You don’t say all this, but I see it in your eyes, I hear it in the twinge of your voice.

Can I scoot my chair right next to yours for a moment?  Can I sling an arm round your shoulder and tell you something?

Those of us who stay, we do not judge you.  If anybody in this whole wide world gets it, we do.

Behind the shield of our shiny badges, in our deep down honest hearts, we know.  We know that we are all just one step away from following you.  One phone call.  One medical test. One flip of the calendar. One word from the Lord. One straw upon the camel’s back. We could all be on your heels.

We do not judge you.  We understand, and we affirm you.
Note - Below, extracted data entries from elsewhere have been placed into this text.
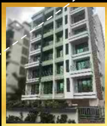
SHIV JINAL PLOT 169, SECTOR 23, ULWE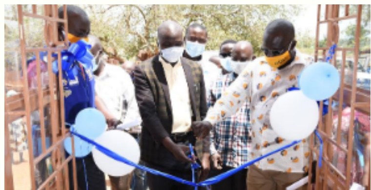
Handover of ART facility at Alwi HCIII

The facilities will be able to provide services such as counselling, laboratory services, exclusive patient record management and pharmacy. The facilities now have well-spaced and aerated waiting areas and this will reduce the risk of patients contracting respiratory diseases such as TB.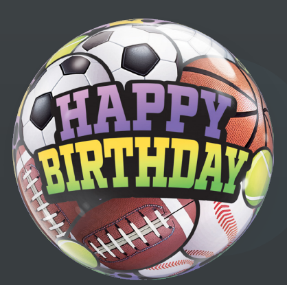
Birthday Sports Balls #00015 22"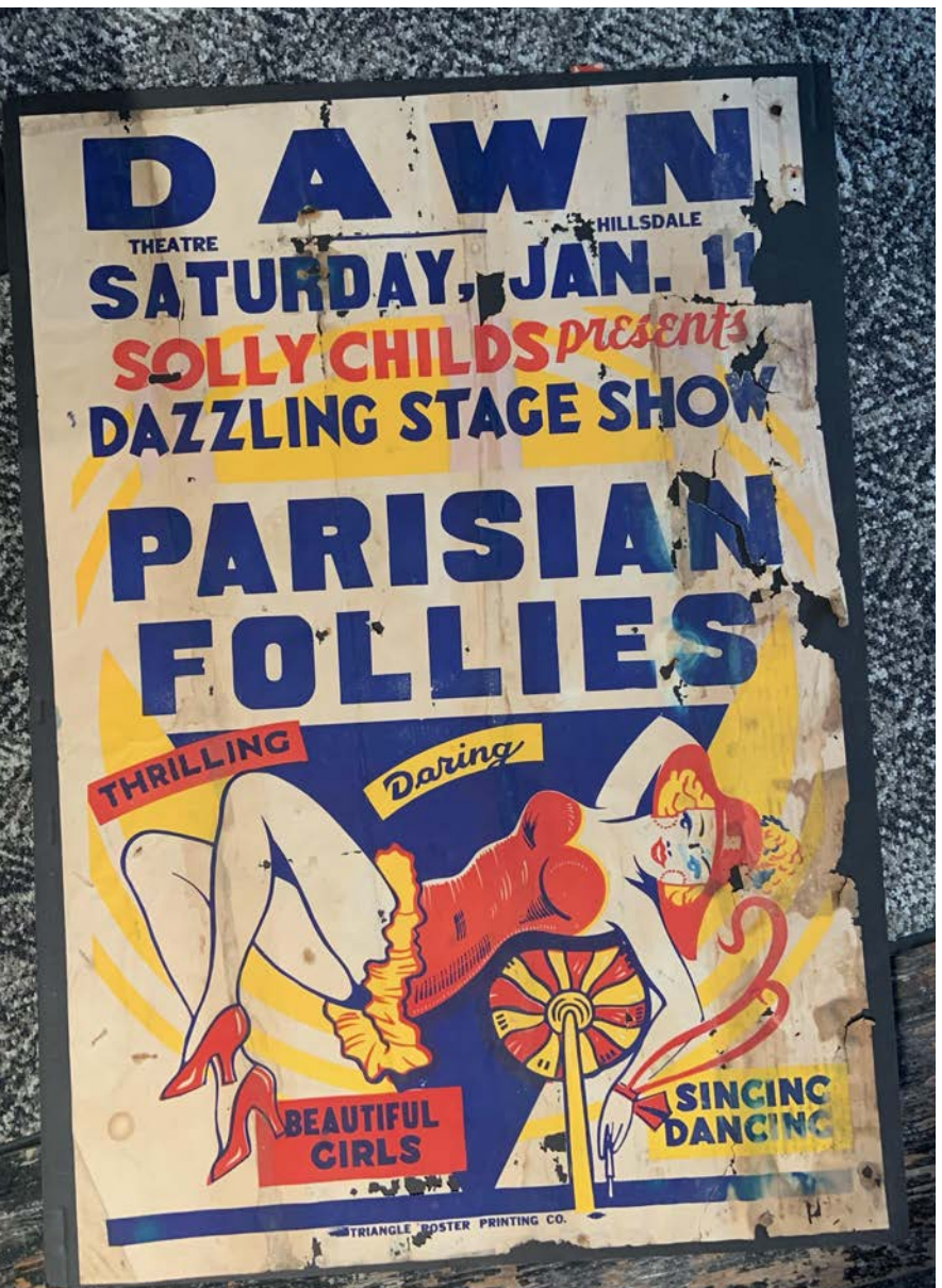
Attachment 1: Friends of the Dawn Theater: Old Movie Poster Restoration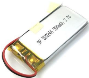
Lithium-Ion Polymer Cell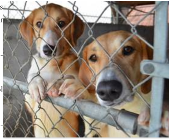
( http://watchdog.wpengine.netdna-cdn.com/wp-content/blogs.dir/1/files/2013/05/Puppies.jpg )

Like Watchdog.org? Click HERE to get breaking news alerts in YOUR state! ( http://watchdog.org/subscribe )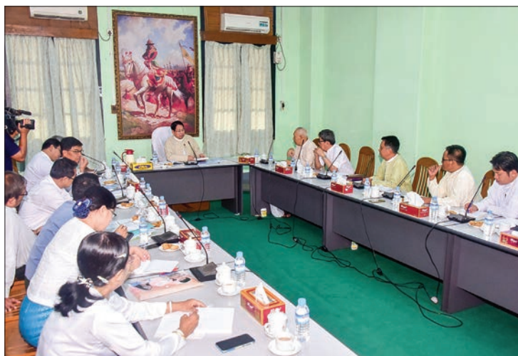
Union Minister Dr. Pe Myint addresses the coordination meeting yesterday.

At the meeting, Union Minister for Information Dr. Pe Myint said efforts should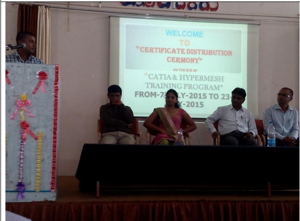
Photo of CATIA and HYPERMESH certificate distribution ceremony held in mechanical engineering department HSIT Nidasoshi on 23 rd July 2015 for Mechanical Engineering students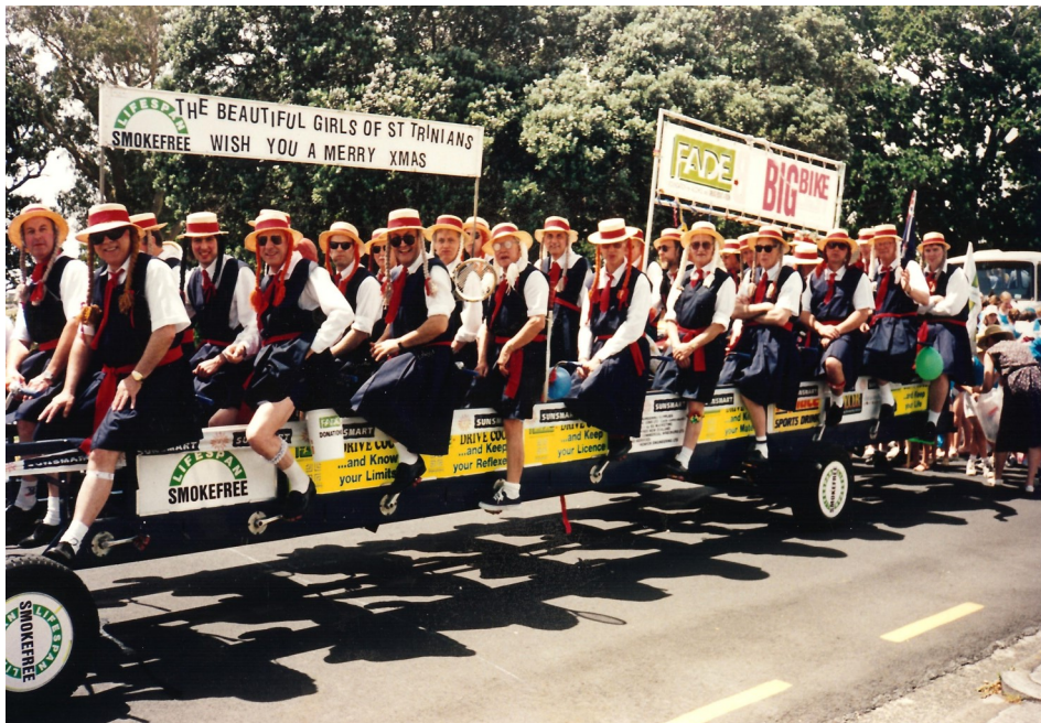
Our St. Trinians Girls perform in the Christmas Parade.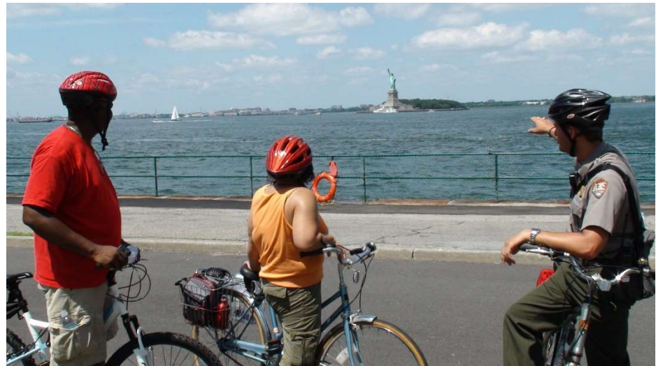
Governors Island National Monument (NPS)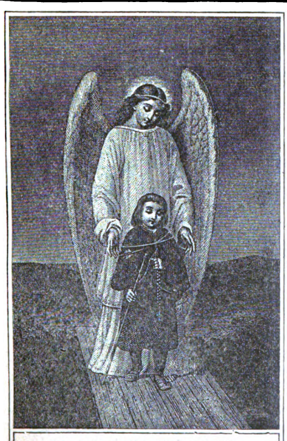
Celestial guardian thus with thee— And by thy constant care, May I the world's corruption flee And heavenly blessings share.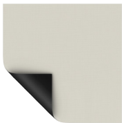
High Contrast Matte White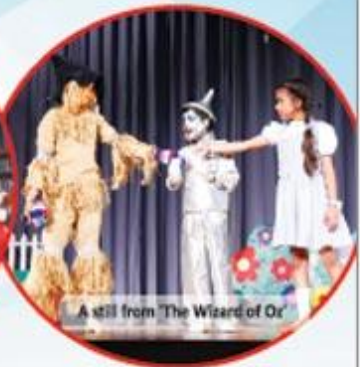
A still from 'The Wizard of Oz'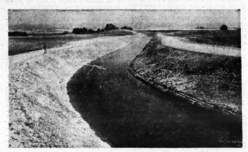
precious as blood. The Madera Canal, a small part of California's vast Central Valley Project, carries irrigation water t San Joaquin Valley. ater to rich but parched acres in

At present equipment is available which will distill 100,000 gallons of sea water a day at a cost of 55c per 1,000 gallons, which is far too expensive for irrigation and other purposes. But Chapman insists that if distilling plants could be built with 500 times this capacity and 50 times the efficiency, then the U.S. should never have to worry about water again. worry about water again.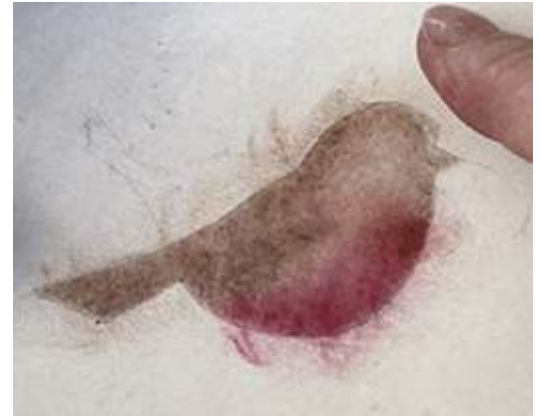
More image-making explorations from Pod 7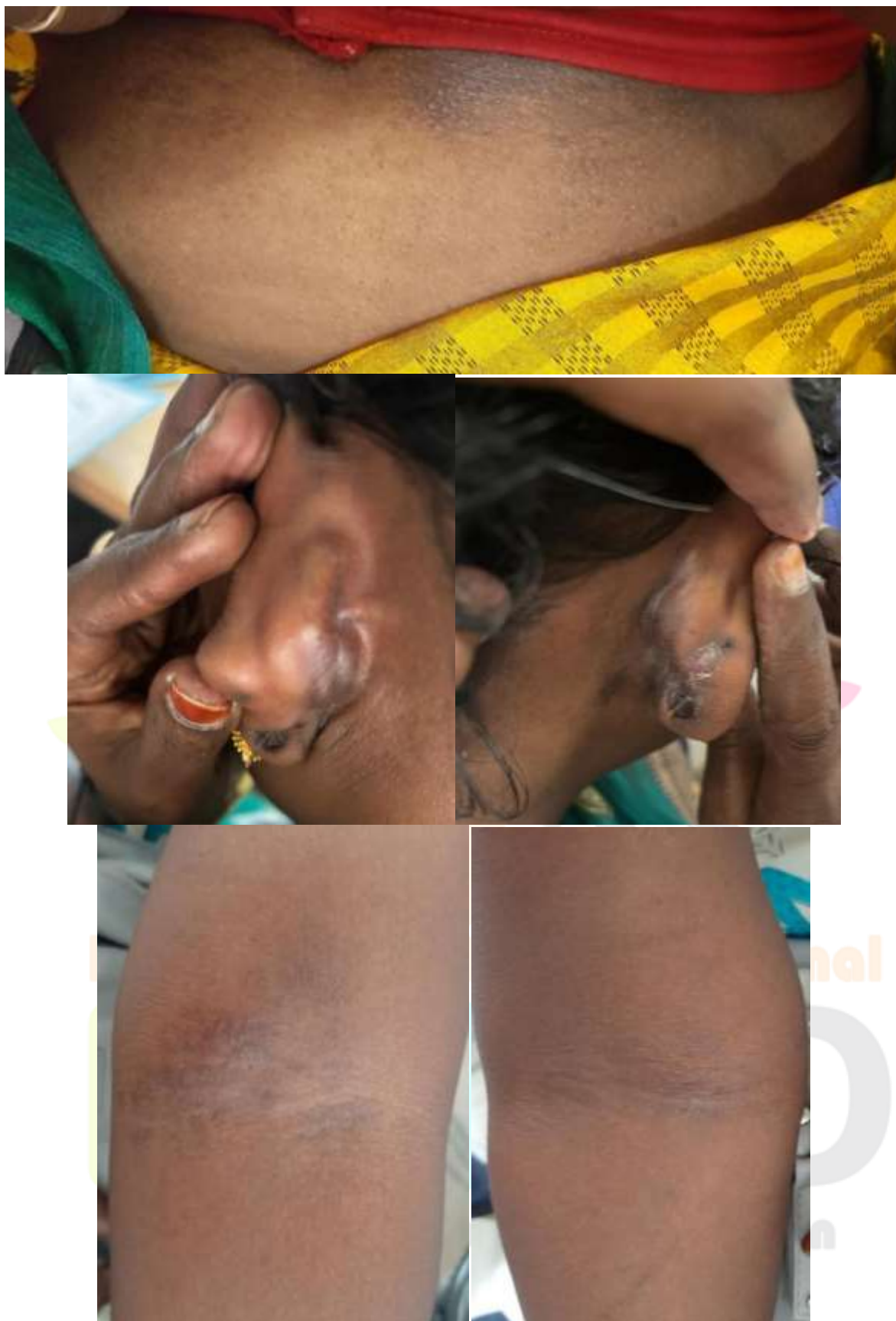
Figure 2: After treatment (18/09/2024)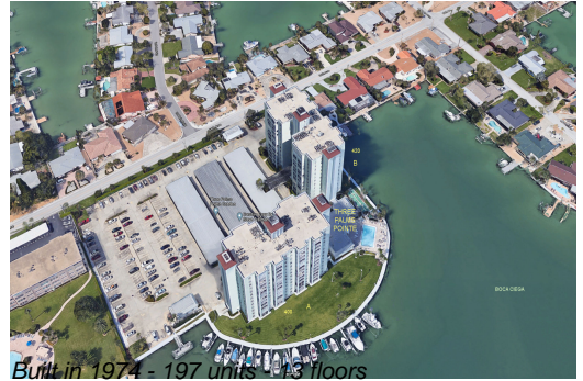
Built in 1974 - 197 units - 13 floors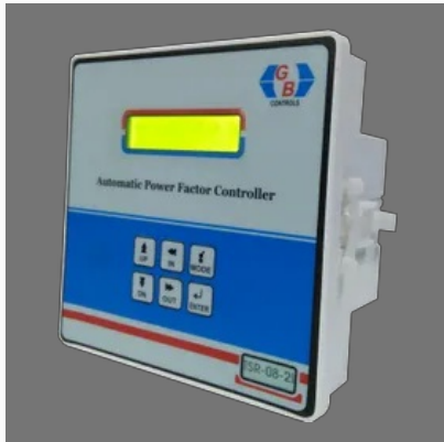
LT Automatic Power Factor Controller (2 Phases, Single CT)

We affirm that the Father loves you, delights in you, not for what you do or where you live, but because you are you, his beloved.

Your honor is not tied to your address.  You serve the Lord and you serve him from either side of the sea. 

There is a time to go and a time to return.  And there is no shame, no hierarchy in the kingdom.  There’s freedom and honor for all.  There’s only one real badge we wear and it’s marked, “His Beloved.”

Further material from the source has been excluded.